- **ACTIVITY**
For this exercise, write out only the lines of the entries below from the one with "Достаточно надежный и" up to and including the one with "Visp sammen romtemperert", exactly as they are. Pictures stay out.

- **DATA SHOWN**
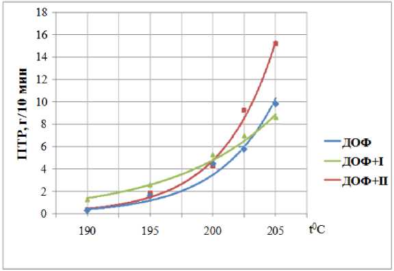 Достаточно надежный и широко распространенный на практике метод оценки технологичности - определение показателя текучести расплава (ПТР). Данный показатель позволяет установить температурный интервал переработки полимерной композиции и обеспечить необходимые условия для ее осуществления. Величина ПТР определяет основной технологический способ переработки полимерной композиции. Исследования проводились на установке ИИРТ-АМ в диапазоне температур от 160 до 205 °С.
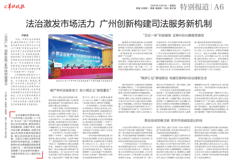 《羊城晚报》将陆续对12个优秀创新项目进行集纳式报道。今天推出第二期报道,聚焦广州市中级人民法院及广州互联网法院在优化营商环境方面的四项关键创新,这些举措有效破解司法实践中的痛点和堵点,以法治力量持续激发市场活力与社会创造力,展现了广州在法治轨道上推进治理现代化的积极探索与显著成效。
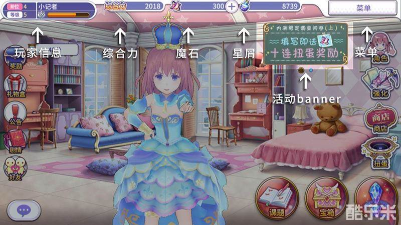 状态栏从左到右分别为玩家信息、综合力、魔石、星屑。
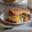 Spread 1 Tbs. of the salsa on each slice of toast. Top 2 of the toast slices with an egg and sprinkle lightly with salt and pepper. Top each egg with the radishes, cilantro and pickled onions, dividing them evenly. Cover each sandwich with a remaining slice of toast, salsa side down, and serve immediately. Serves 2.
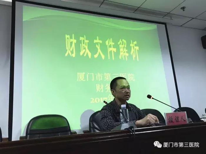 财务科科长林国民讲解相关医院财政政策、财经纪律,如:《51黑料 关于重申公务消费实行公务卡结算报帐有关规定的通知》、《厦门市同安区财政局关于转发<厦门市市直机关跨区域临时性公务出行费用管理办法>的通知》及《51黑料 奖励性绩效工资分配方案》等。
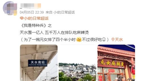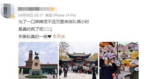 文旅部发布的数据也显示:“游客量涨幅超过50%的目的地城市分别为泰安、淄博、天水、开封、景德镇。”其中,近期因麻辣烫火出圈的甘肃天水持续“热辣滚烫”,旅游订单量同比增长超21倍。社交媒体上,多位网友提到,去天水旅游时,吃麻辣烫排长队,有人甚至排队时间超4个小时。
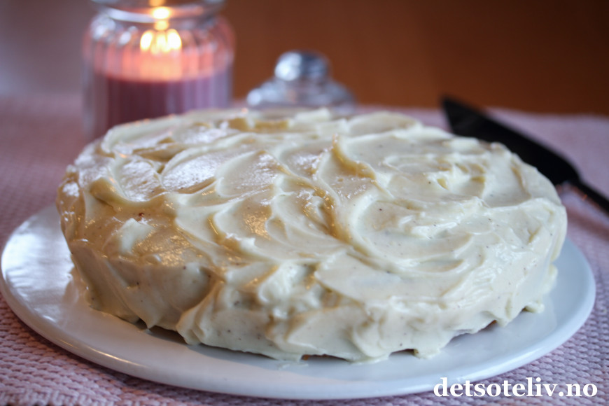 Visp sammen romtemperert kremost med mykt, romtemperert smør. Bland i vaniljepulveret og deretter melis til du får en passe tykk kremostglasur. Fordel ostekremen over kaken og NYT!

* * *

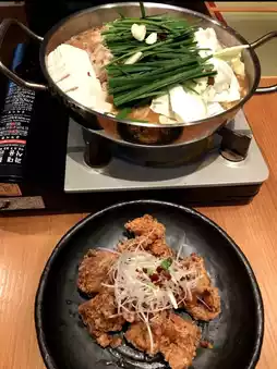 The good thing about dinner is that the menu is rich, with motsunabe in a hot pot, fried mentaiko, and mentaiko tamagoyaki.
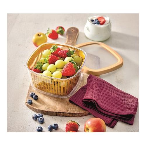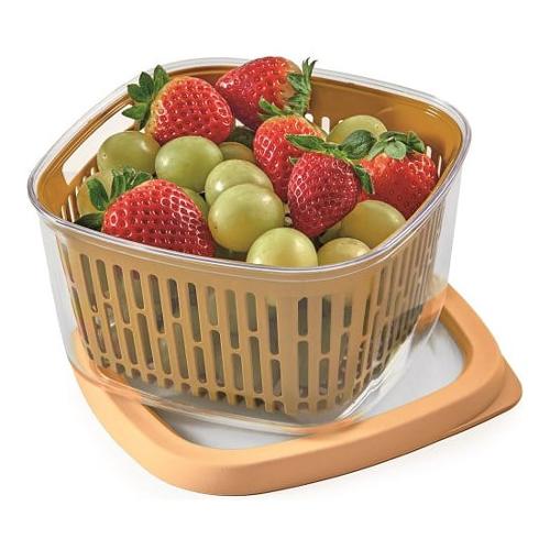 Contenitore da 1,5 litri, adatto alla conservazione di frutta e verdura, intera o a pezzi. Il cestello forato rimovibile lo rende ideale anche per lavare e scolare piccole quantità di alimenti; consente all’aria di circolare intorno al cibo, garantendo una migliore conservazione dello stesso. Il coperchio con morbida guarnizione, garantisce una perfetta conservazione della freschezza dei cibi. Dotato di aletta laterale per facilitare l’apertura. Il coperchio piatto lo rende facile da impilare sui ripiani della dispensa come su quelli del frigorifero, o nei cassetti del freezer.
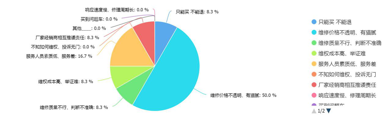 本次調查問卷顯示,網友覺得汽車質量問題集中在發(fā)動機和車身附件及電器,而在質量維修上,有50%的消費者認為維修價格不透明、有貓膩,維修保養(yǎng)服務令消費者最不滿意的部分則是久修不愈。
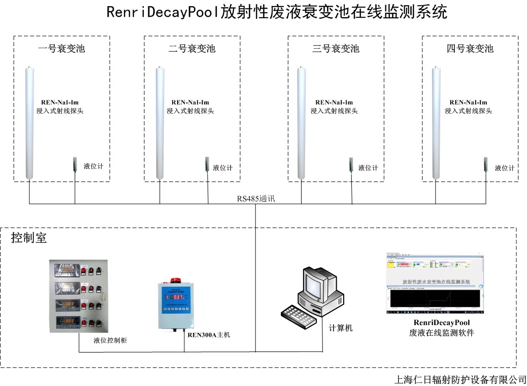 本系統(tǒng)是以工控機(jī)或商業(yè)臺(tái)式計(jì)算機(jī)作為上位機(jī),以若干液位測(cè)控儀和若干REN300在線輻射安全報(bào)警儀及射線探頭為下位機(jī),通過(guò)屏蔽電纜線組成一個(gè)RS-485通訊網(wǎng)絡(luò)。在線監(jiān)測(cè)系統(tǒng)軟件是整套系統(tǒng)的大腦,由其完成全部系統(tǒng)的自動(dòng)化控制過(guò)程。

--

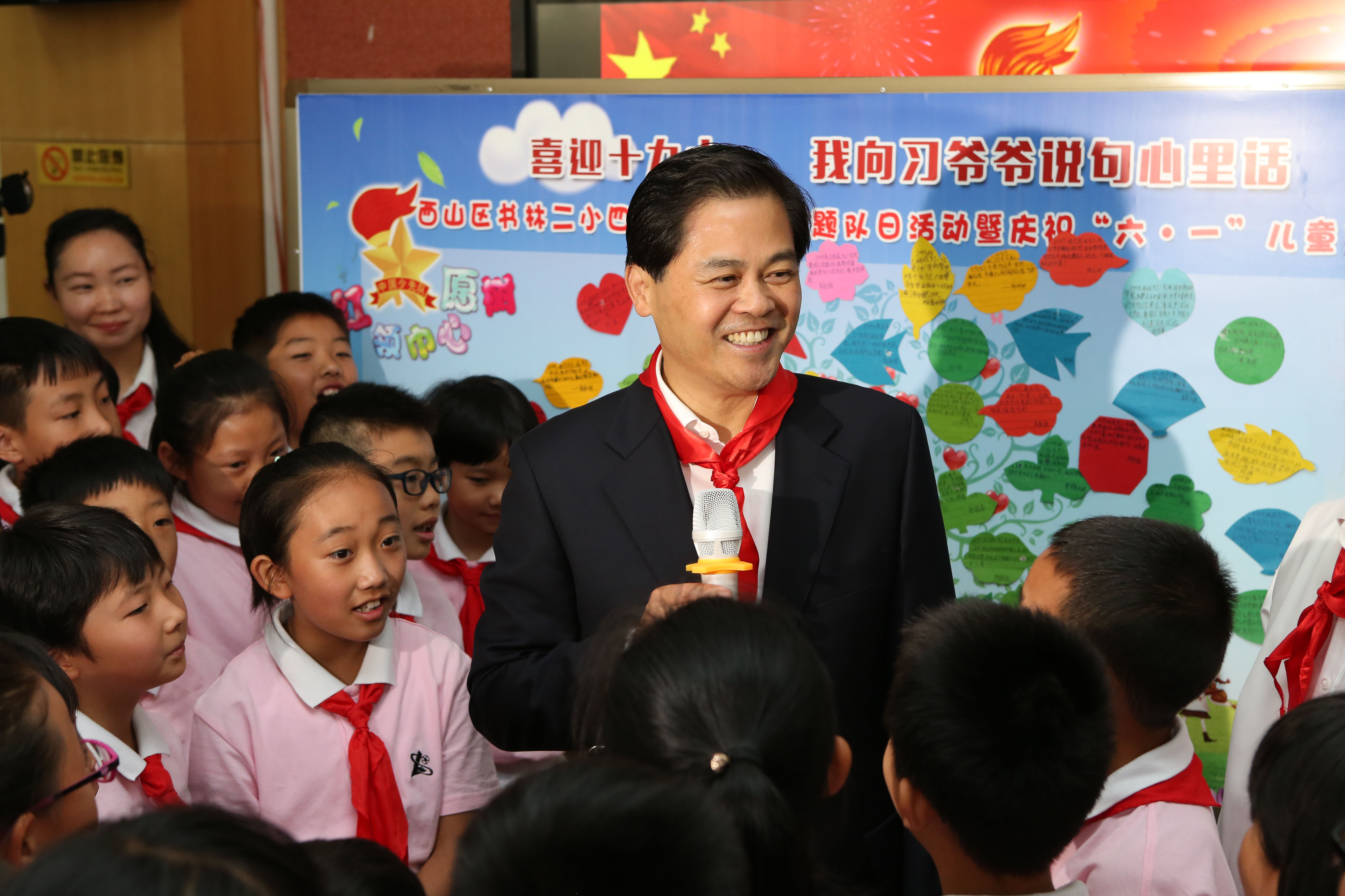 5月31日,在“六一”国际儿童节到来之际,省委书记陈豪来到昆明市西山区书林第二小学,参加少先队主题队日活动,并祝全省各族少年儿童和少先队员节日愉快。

- **ANSWER BOX**
 Достаточно надежный и широко распространенный на практике метод оценки технологичности - определение показателя текучести расплава (ПТР). Данный показатель позволяет установить температурный интервал переработки полимерной композиции и обеспечить необходимые условия для ее осуществления. Величина ПТР определяет основной технологический способ переработки полимерной композиции. Исследования проводились на установке ИИРТ-АМ в диапазоне температур от 160 до 205 °С.
 《羊城晚报》将陆续对12个优秀创新项目进行集纳式报道。今天推出第二期报道,聚焦广州市中级人民法院及广州互联网法院在优化营商环境方面的四项关键创新,这些举措有效破解司法实践中的痛点和堵点,以法治力量持续激发市场活力与社会创造力,展现了广州在法治轨道上推进治理现代化的积极探索与显著成效。
 状态栏从左到右分别为玩家信息、综合力、魔石、星屑。
 Spread 1 Tbs. of the salsa on each slice of toast. Top 2 of the toast slices with an egg and sprinkle lightly with salt and pepper. Top each egg with the radishes, cilantro and pickled onions, dividing them evenly. Cover each sandwich with a remaining slice of toast, salsa side down, and serve immediately. Serves 2.
 财务科科长林国民讲解相关医院财政政策、财经纪律,如:《51黑料 关于重申公务消费实行公务卡结算报帐有关规定的通知》、《厦门市同安区财政局关于转发<厦门市市直机关跨区域临时性公务出行费用管理办法>的通知》及《51黑料 奖励性绩效工资分配方案》等。
 文旅部发布的数据也显示:“游客量涨幅超过50%的目的地城市分别为泰安、淄博、天水、开封、景德镇。”其中,近期因麻辣烫火出圈的甘肃天水持续“热辣滚烫”,旅游订单量同比增长超21倍。社交媒体上,多位网友提到,去天水旅游时,吃麻辣烫排长队,有人甚至排队时间超4个小时。
 Visp sammen romtemperert kremost med mykt, romtemperert smør. Bland i vaniljepulveret og deretter melis til du får en passe tykk kremostglasur. Fordel ostekremen over kaken og NYT!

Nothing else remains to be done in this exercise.